[Source data]
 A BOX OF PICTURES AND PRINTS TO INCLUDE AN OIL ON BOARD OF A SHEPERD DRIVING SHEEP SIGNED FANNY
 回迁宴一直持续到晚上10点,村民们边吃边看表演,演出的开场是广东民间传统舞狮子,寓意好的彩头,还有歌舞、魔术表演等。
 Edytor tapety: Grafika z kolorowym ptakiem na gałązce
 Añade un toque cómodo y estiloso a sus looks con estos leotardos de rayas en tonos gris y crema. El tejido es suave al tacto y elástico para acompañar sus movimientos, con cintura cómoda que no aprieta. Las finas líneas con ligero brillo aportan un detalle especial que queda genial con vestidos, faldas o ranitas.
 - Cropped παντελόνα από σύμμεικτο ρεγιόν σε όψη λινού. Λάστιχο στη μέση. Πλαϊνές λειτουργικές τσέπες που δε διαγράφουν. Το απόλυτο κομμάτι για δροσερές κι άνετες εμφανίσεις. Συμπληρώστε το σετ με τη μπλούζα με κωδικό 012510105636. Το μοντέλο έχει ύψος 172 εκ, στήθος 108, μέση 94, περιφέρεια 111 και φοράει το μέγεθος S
--
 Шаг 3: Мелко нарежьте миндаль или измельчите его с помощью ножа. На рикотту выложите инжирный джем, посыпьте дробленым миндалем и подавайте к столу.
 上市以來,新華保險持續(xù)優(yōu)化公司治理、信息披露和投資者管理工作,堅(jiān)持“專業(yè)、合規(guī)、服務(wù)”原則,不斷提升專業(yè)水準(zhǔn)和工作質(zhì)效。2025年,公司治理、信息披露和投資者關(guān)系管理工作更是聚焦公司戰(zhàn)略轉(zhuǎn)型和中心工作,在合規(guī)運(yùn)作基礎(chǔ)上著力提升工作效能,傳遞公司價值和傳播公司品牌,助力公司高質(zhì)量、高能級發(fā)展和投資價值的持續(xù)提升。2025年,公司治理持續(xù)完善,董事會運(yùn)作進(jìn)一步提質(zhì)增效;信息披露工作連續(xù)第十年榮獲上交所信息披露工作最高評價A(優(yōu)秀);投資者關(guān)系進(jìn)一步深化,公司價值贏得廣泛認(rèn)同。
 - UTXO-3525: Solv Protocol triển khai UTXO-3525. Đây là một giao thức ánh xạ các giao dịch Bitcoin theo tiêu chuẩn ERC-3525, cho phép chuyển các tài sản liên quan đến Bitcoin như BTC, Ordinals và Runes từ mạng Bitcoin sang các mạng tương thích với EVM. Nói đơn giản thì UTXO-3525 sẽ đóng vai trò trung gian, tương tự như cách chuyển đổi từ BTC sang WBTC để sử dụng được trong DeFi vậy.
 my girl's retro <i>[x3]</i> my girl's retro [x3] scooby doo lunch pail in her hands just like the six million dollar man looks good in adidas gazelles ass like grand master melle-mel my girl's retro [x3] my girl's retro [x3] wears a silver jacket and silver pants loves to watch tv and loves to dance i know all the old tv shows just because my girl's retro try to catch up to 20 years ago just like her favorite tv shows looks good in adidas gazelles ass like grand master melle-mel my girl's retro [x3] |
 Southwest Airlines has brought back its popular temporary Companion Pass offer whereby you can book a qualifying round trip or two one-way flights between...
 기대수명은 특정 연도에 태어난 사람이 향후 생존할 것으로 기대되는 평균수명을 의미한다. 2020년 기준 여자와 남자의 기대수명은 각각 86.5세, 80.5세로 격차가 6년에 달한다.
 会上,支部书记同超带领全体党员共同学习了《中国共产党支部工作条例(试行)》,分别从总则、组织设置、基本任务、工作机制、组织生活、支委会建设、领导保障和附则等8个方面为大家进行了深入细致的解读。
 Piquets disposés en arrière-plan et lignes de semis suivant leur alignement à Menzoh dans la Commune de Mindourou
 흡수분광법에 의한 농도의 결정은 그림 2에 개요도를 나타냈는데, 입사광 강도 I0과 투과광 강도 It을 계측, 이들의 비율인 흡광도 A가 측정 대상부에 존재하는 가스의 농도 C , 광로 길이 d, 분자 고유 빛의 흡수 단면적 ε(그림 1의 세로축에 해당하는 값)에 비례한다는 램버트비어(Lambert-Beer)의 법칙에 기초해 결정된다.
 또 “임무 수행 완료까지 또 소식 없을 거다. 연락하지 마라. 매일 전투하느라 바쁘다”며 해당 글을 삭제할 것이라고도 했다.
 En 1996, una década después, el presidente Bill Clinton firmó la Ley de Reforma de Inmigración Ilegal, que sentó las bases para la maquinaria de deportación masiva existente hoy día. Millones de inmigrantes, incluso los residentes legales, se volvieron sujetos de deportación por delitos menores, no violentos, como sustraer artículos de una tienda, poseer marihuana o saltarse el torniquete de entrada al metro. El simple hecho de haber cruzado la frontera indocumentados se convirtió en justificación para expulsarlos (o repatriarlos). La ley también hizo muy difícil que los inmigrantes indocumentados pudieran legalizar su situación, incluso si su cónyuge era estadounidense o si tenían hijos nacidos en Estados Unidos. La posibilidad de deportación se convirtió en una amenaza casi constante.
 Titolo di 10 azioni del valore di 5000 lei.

[Aim of the task] Which lines hold the word "looks"? Copy each of them from the records.

[Answer to this exercise]
 Añade un toque cómodo y estiloso a sus looks con estos leotardos de rayas en tonos gris y crema. El tejido es suave al tacto y elástico para acompañar sus movimientos, con cintura cómoda que no aprieta. Las finas líneas con ligero brillo aportan un detalle especial que queda genial con vestidos, faldas o ranitas.
 my girl's retro <i>[x3]</i> my girl's retro [x3] scooby doo lunch pail in her hands just like the six million dollar man looks good in adidas gazelles ass like grand master melle-mel my girl's retro [x3] my girl's retro [x3] wears a silver jacket and silver pants loves to watch tv and loves to dance i know all the old tv shows just because my girl's retro try to catch up to 20 years ago just like her favorite tv shows looks good in adidas gazelles ass like grand master melle-mel my girl's retro [x3] |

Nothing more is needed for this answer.